Underwater Acoustic Target Classification Using Scattering Transform with Small Sample Size

Underwater acoustic target classification using passive sonar sensors is a challenging task, primarily due to several factors such as a scarcity of available training data, weak signal power, and the intricate nature of the underwater environment. In the classification pipeline, feature extraction plays a crucial role. However, classical methods have limitations in performance, and deep learning (DL) methods face difficulties in training with a limited number of samples in the practice of this task. To overcome this challenge, we propose a novel approach that leverages the scattering transform for feature extraction. We employ 1-D and 2-D scattering transforms to process raw time-domain signals and time-frequency spectra, respectively.

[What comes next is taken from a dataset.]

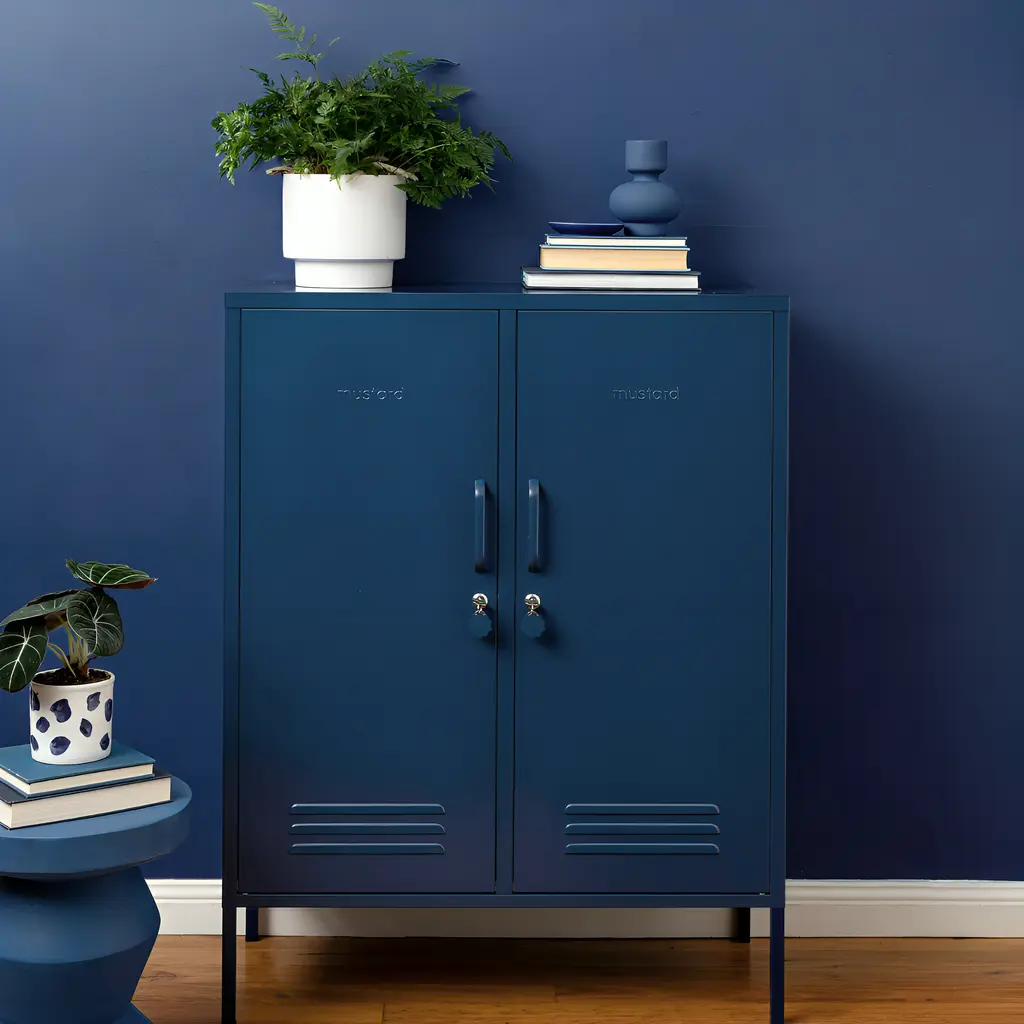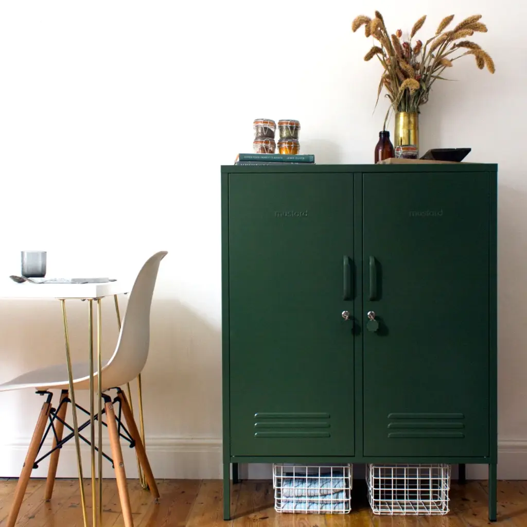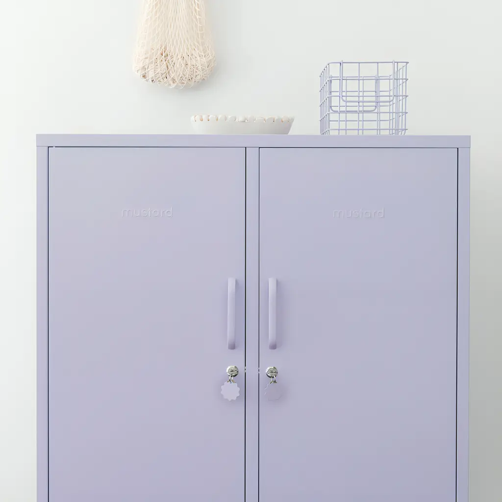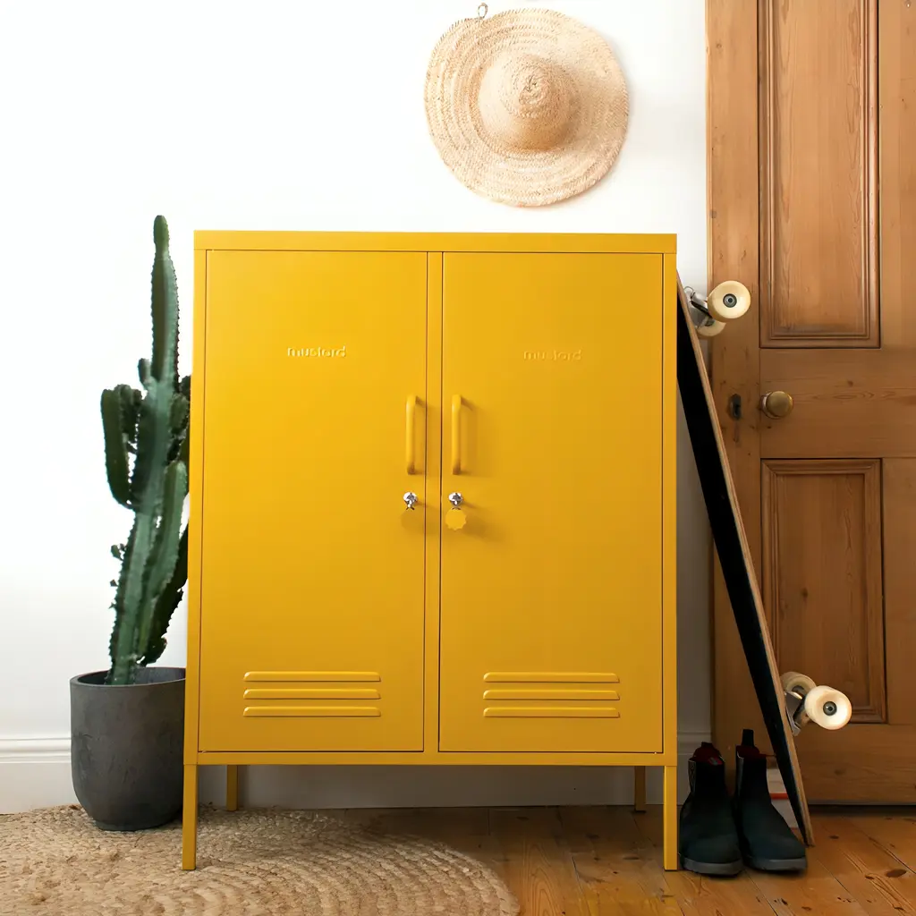 Sometimes, average is just right. Aptly named The Midi, this Mustard Made metal office locker is not to tall, not too wide, and not too small to offer a practical storage solution for any space. The design optimizes function in a minimalist design, making this locker a great choice for offices, living rooms, children’s playrooms, kitchens, and hallways. Whether you want to use it to store plates, towels, toys, or office supplies, The Midi will help you organize items with ease. The two adjustable shelves on both sides and two hooks offer plenty of storage room for a variety of objects, while air vents on the bottom of the locker ensure optimal ventilation. Other features include two openings for cable management, two wall-mounting points and a lock with a key and a custom keyring. Crafted from powder-coated steel, the Mustard Made The Midi Office Locker is not only durable and tough, but also magnetic. Choose your favorite color from pastel, bright or dark neutral hues to enhance your home décor.

The scattering transform has similar properties to DL methods, but it does not require parameter learning since it is constructed using a multilayer wavelet transform and a predefined nonlinearity. This makes it advantageous, particularly when the training samples are scarce. We use support vector machine as classifier. To evaluate our proposed architecture, we conduct two classification tasks using the ShipsEar database and the DeepShip dataset. The first task involves classifying four highly distinctive types of vessels, referred to as coarse class classification. The second task is to classify three vessels of the same type, referred to as fine class classification. For the classification tasks based on ShipsEar with only 14 training samples per class, our proposed method achieved a classification accuracy of 98.89% for the coarse class using 2-D scattering transform and 92.96% for the fine class with 1-D scattering transform. These figures represent improvements of at least 3.06% and 0.27%, respectively, compared to the best competing method cited in this article. These experimental results demonstrate that, even with a small training set, our proposed architecture achieved superior classification performance.